Excuse me, miss, do geese bite? – Turin Chronicle

In summer, the media again talk about diets and horns. Even as a child I heard the saying: “Agosto, my wife, I don’t know you”, and I remember very well that the train that arrived on Saturdays from Turin to the Riviera was called the “train of cuckolds”. It was called Suppose the husband and wife, then still left alone, were busy with this topic in the city during the holidays.

Today there are also rankings: you read yesterday about Ashley Madison, a site specializing in extramarital affairs, which ranked Turin 10th out of 20 cities examined. In his commentary, Bardessano talks about the new crossroads of sin: the shopping centers: “Not only have they killed proximity commerce – writes his colleague – but they have also forced the closure of the traditional Turin clubs of the “malmeria”. Forced to stop singles. Bars from opening and war declared on nightclubs and swingers clubs, of which only two or three remain after flourishing a few years ago. Air-conditioning power? Not only .

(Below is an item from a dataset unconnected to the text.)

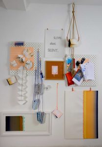 The exhibition of 9 Artist/Makers art work will also provide the additional opportunity for Artist/Makers to show supporting materials alongside their work, from sketchbooks to equipment, moodboard to research videos, books to work in progress, influence, inspiration, references to examples of materials, process etc.

Supermarkets do a great job even in winter. From the time I was young they were considered the perfect “cuckoo place” even more than dance halls. Women usually go there alone, and come to him with the excuse “I saw you got those biscuits, are they good?” this is easy. Once you’re hooked, if you’re loose, everything else follows, even if you’re not Brad Pitt.

And if it goes badly, you throw the hook back, like all fishermen. The beauty is that all these cuckoo techniques are avoided by sites like Ashley Madison, where only people who already intend to “fe lolly” go, without risking misunderstanding. But it is very simple. It’s like fishing in farm tanks. Who knows which will be the top ranked city in Sports Horn?